Gibbs sampling was used to sample a posterior parameter distribution with a string length of 20,000 iterations, a burn-in of 2,000 samples, and a thinning interval of 100. Analyzes were performed at the help from BGLR package35 in R software.

#### Effect of age on mtDNA load and age prediction

The effect of age on mDNA load was estimated by fitting an exponential regression of mDNA load on animal age (years). mDNA status was included as a variable to predict animal age using five Bayesian regression models: BRR29BayesA29BayesB29BayesCπ36and Bayesian LASSO (BLASSO)37as following:

$${varvec{y}}={varvec{X}}{varvec{b}}+sum_{i=1}^{k}{{varvec{m}}}_{{varvec {i}}}{boldsymbol{alpha }}_{{varvec{i}}}{{varvec{updelta}}}_{{varvec{i}}}+{varvec{e} }$$

where ({varvec{X}}) and ({varvec{e}}) have been previously described; ({varvec{y}}) corresponds to the vector of ages in years; ({varvec{b}}) is the vector of fixed effects, including the intercept and linear covariates for each race; ({{varvec{m}}}_{{varvec{i}}}) is the mtDNA status vector for the site I (coded as 0, 1 and 2); ({boldsymbol{alpha }}_{{varvec{i}}}) i is the effect of DNAm status for the site I for each of k sites; ({{varvec{updelta}}}_{{varvec{i}}}) is an indicator if the DNAm status site I was included (({{varvec{updelta}}}_{{varvec{i}}}) = 1) or excluded (({{varvec{updelta}}}_{{varvec{i}}}) = 0) of the model for a given iteration of Gibbs sampling (BayesRR and BayesA, ({{varvec{updelta}}}_{{varvec{i}}}) = 1). In BayesRR and BayesCπ, the effect of DNAm status is assumed to follow a normal distribution. In BayesA and BayesB, the effect of DNAm status is assumed to follow a you-distribution with site-specific variances. In Bayes Lasso, the effect of mtDNA status is assumed to follow a double exponential distribution.

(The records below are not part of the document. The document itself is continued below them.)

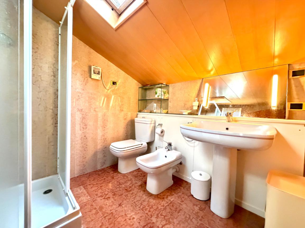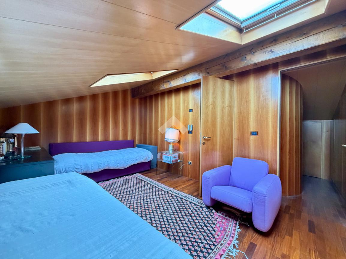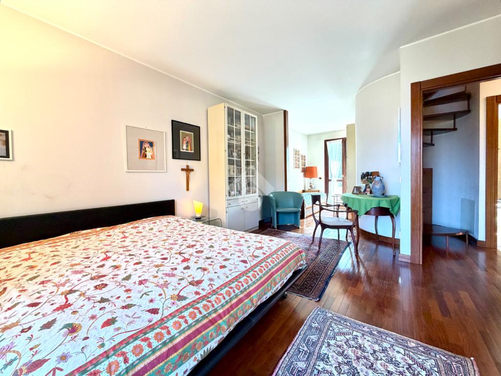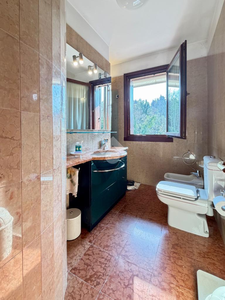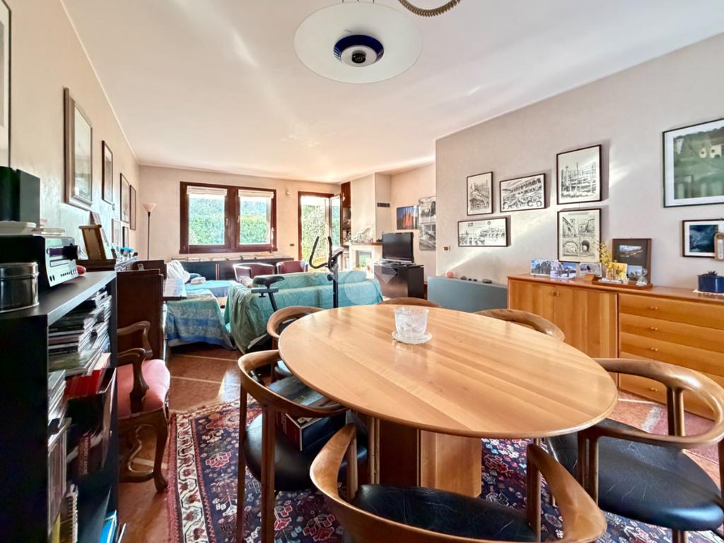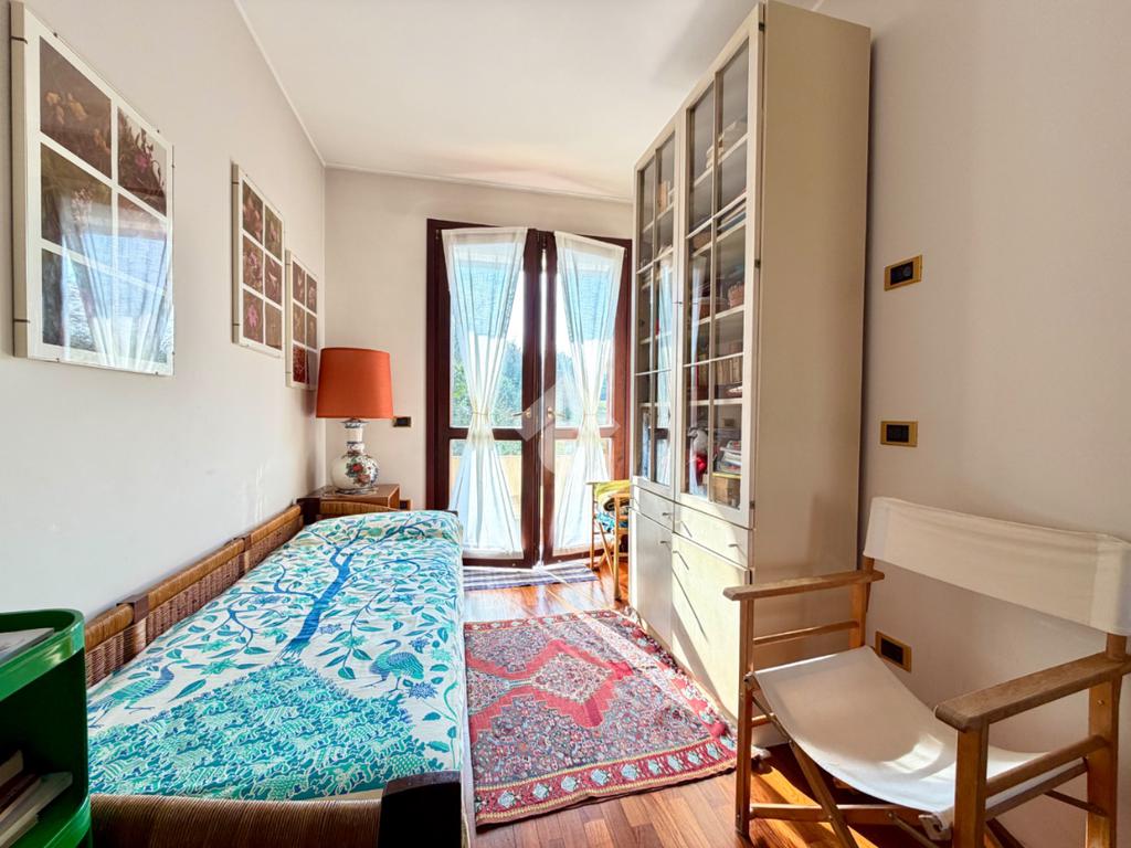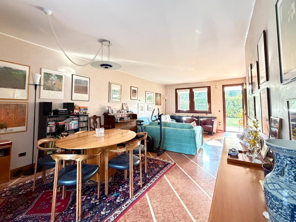 L’abitazione ci accoglie con un grande soggiorno open-space affacciato sull'ampio giardino che gode di una piacevole vista sul verde ed ospita un bellissimo camino in pietra che riscalda l’atmosfera nelle fredde giornate di mezza stagione. Al piano interrato troviamo la zona taverna, ad oggi usata come cucina, con un comodo bagno e ripostiglio. Una scala in marmo conduce al piano superiore dove si trova una spaziosa camera matrimoniale con una zona cabina armadio (un'eventuale cameretta), ed un ulteriore bagno finestrato in marmo. La mansarda è stata adibita a camera da letto, ospita due letti singoli e una pratica zona armadio a muro e due sottotetti.
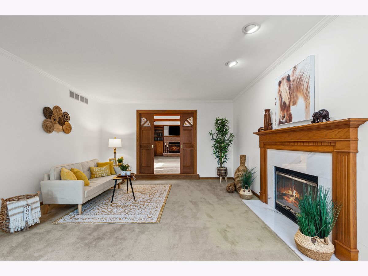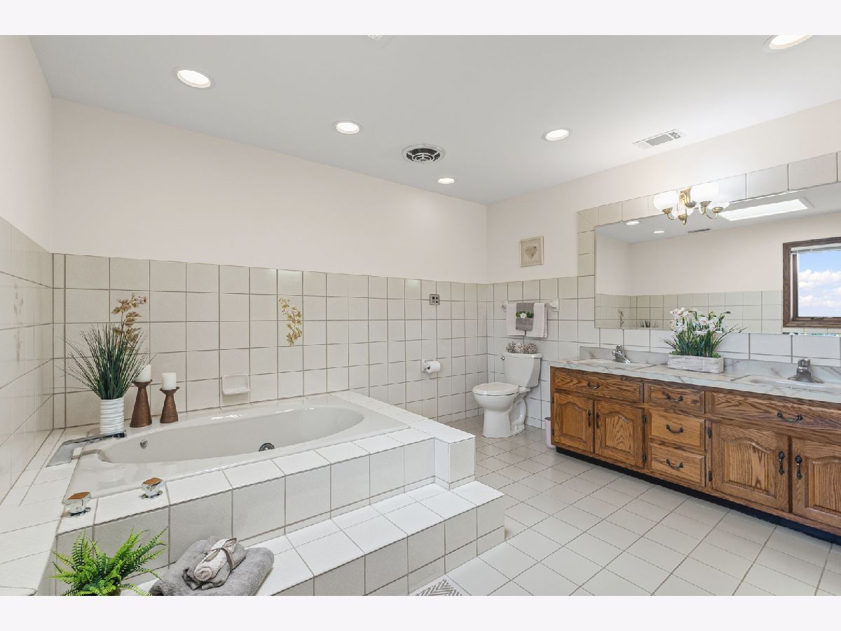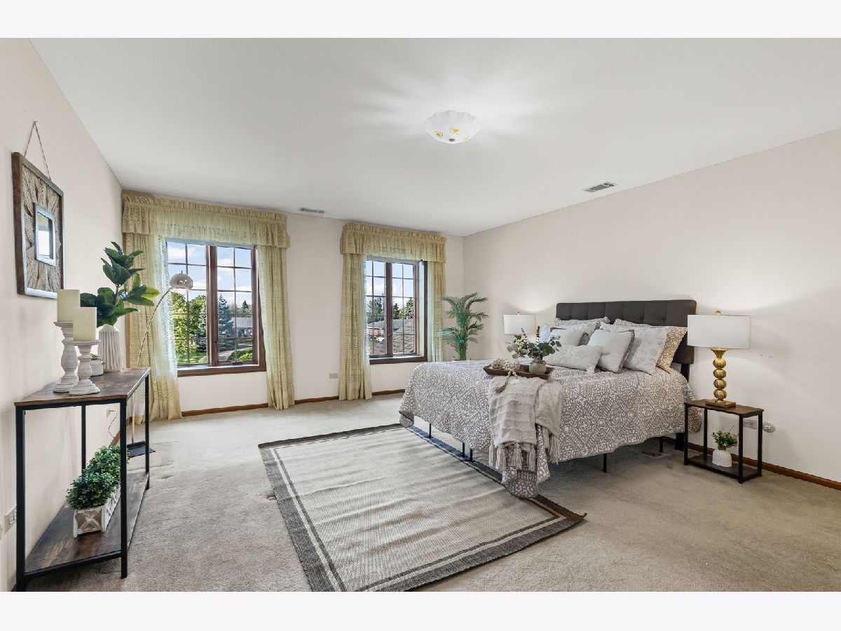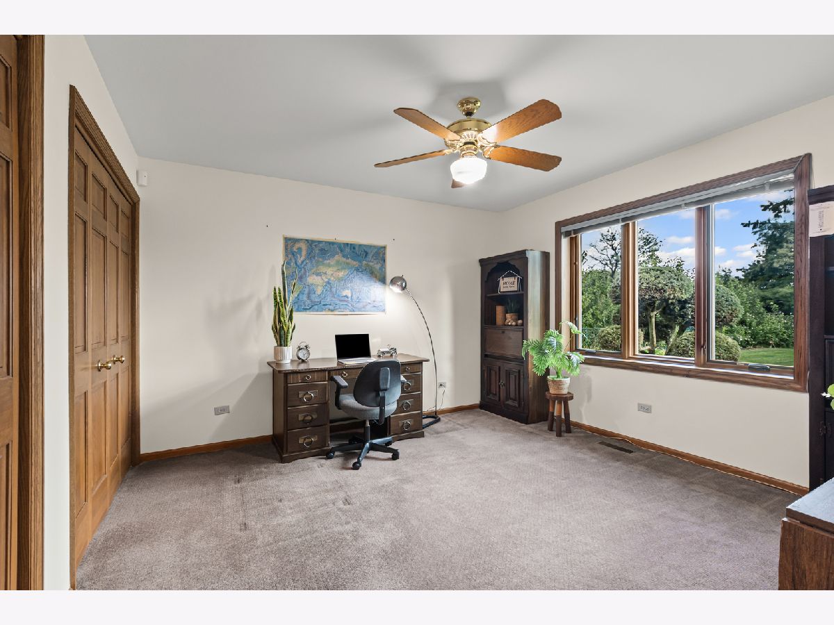 Welcome to this fabulous, custom built home in the Pluskota Subdivision of Orland Park. A rare offering, this home has been loved and cared for by one family since its construction, and sits on a high point, with great views of its surroundings - on the clear day you should be able to see Chicago skyline! This property features 5 beds, office, 3 full+2 half baths, a fully finished basement and an oversized 2 car garage. The entrance welcomes you with a bright, 2-story foyer and a gleaming staircase leading to the second floor. The main floor offers multiple spaces for family living and entertaining. The living and family room is divided by a beautifully designed pocket doors, and each room features a picturesque wood burning fireplace. The family room has a wet bar and features a beamed and vaulted ceiling. The living room floor has been reinforced to accommodate the weight of a grand piano. The large dining room, detailed with durable and elegant teak parquet flooring, offers space for any size of holiday/family gatherings. The kitchen is every chef's dream, with plenty of solid hardwood cabinets and counterspace, with new, stainless steel appliances and 2 pantry closets. A spacious breakfast table area will lead you through two oversized, newly installed Pella French doors to a sunny patio and over half acre yard, lined by mature trees & an equipped in-lawn sprinkler system. The hallway east of the kitchen leads to the laundry, full bathroom, and a quiet office, which may serve as guest private quarters, or an in-law arrangement. One area you will be sure to love, is the 2nd floor master suite with its deluxe spa-like bathroom, vanity nook, large walk-in closet and generously sized, bright master bedroom. Three additional bedrooms, as well as full hallway bathroom, located on the west side , completes the 2nd level. The fully finished basement will surprise you with an additional recreational family area, party room with extra cabinets, sink and counterspace for a potential kitchenette, half bathroom, 5th bedroom, wine cellar & extra storage room. The pride of ownership shines through every detail of this home: from double-stud walls (extra insulation), dual heating and cooling (energy efficiency), to incredible woodwork through the house! This home is all electric. There is gas line available just next door. Heating and cooling is provided by 2 newly installed, energy efficient and environmentally friendly heat pumps. This well maintained home is located in a top rated, award-winning school district, close to all kinds of dining, shopping, hiking/biking trails, and more!
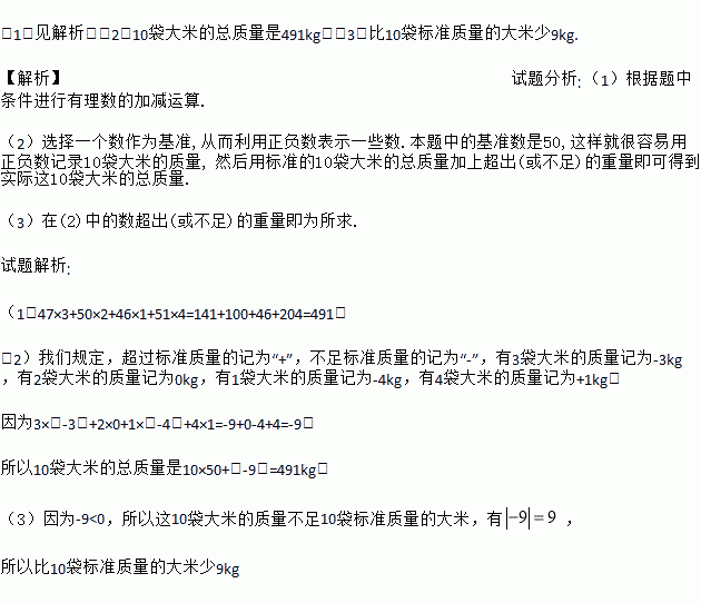(3)结合(2)中的计算说明,与10袋标准质量的大米相比,这10袋大米总计超过多少千克或不足多少千克?

Gibbs sampling was used to sample a posterior parameter distribution with a string length of 20,000 iterations, a burn-in of 2,000 samples, and a thinning interval of 100. Bootstrapping (not= 400) was used to evaluate the performance of models with 102 and 34 individuals as training and validation populations, respectively. The performance of the models was evaluated based on the correlation between the actual and predicted age, the root mean square error and the slope of the regression of the predicted age on the actual age. Analyzes were performed in the BGLR package35 in R software.